The Breach That Is Already Happening
Security teams have spent decades building perimeters around their most sensitive data. Firewalls, VPNs, DLP policies, access controls — layers upon layers designed to keep confidential information inside the organisation. Then their own employees started using ChatGPT, and a significant portion of those carefully constructed perimeters became largely irrelevant.
The data point that should be on every CTO's desk right now comes from the LayerX 2025 Enterprise AI Security Report: 77% of enterprise employees who use AI tools have pasted company data into a public chatbot query. Not sometimes. Routinely. And 22% of those incidents involved confidential personal or financial information — the exact categories that trigger GDPR, CCPA, and sector-specific regulatory obligations.

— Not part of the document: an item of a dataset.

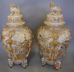 Lot Description:Pair of Satsuma Japanese lidded Urns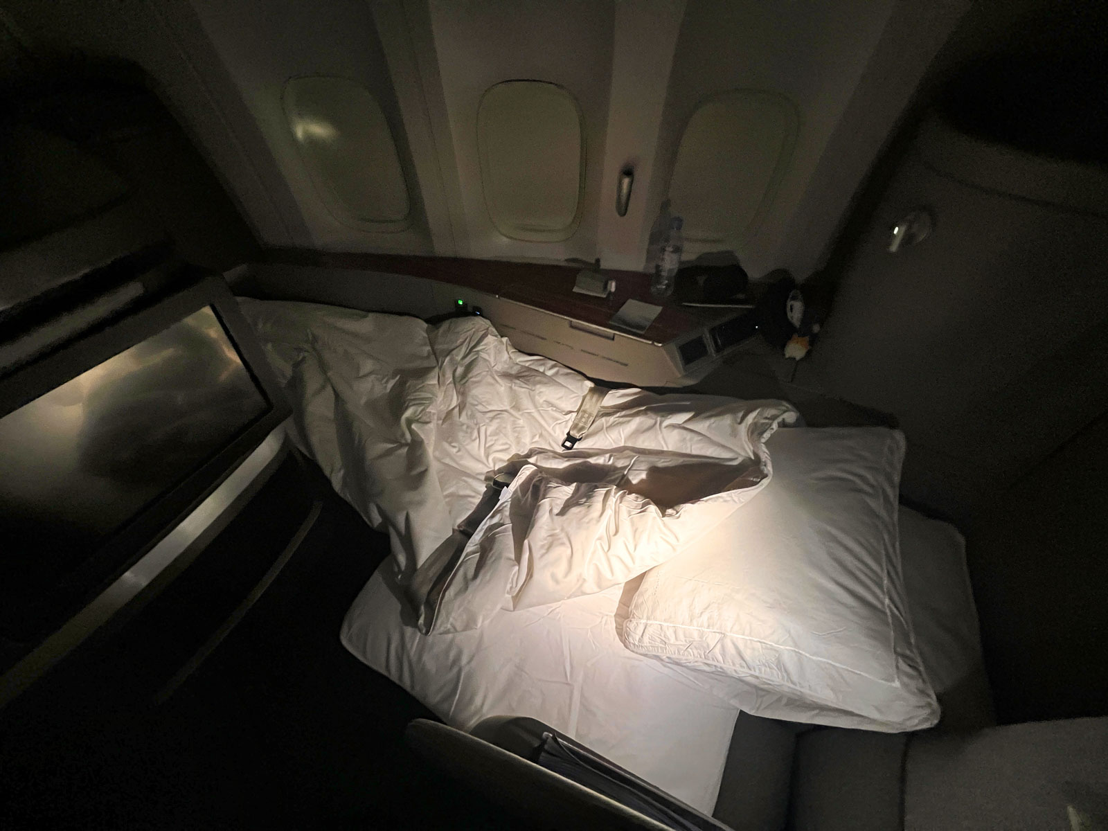Das Highlight dürfte der Sitz im Bettmodus sein, da es enorm breit ist und erst bei den Füßen schmaler wird, allerdings so, dass es nicht weiter stört und man in jeglichen Positionen schlafen kann. Nach dem Essen habe ich mich umgezogen und die Flugbegleiter darum gebeten mir das Bett zu richten. Hierbei gibt es eine Matratzenauflage sowie vollwertige Bettwaren, so dass es sich äußerst komfortabel in 30.000 Fuß Höhe schlafen lässt.

This is not a future threat to model. It is a current breach pattern at scale, happening today in most large organisations whether or not it appears in any incident log. The reason it rarely appears in incident logs is that it is nearly invisible: a copy-paste into a browser tab leaves no DLP alert, no access log, no anomaly signal. It looks like a Tuesday.
Samsung discovered the scale of the problem in a particularly costly way in 2023: engineers at the semiconductor division pasted proprietary source code and internal meeting notes into ChatGPT while debugging. The data was, by design, used to improve the model. Samsung's response was a company-wide ban on generative AI tools — a reaction that illustrates both the severity of the exposure and the bluntness of the tools most organisations reach for when they finally respond to it.
Shadow AI: The Governance Gap Beneath the Surface
Shadow AI — the use of AI tools outside of official IT approval and governance processes — has become the enterprise security story of 2026 in a way that shadow IT never quite managed. The adoption velocity is simply different. Employees adopted personal cloud storage and messaging apps gradually. They adopted AI tools immediately, because the productivity gains were obvious and the friction was zero.
The scale is not marginal. Research across enterprise populations consistently shows that the number of employees actively using AI tools exceeds the number of officially sanctioned AI deployments by a factor of five to ten. In practical terms: your security team has probably reviewed and approved three to five AI tools. Your employees are using forty to sixty.
The risk profile of shadow AI is not just about data exfiltration. It is also about organisational liability. Air Canada provides the clearest legal precedent: its AI chatbot fabricated a bereavement travel policy that did not exist, a passenger relied on it and was denied the fare reduction, and the dispute went to tribunal. The court found Air Canada liable for its AI's statements and ordered it to honour the fabricated policy. The organisation that deploys an AI — even an unauthorised one used by a single employee in a customer-facing context — can inherit liability for that AI's outputs.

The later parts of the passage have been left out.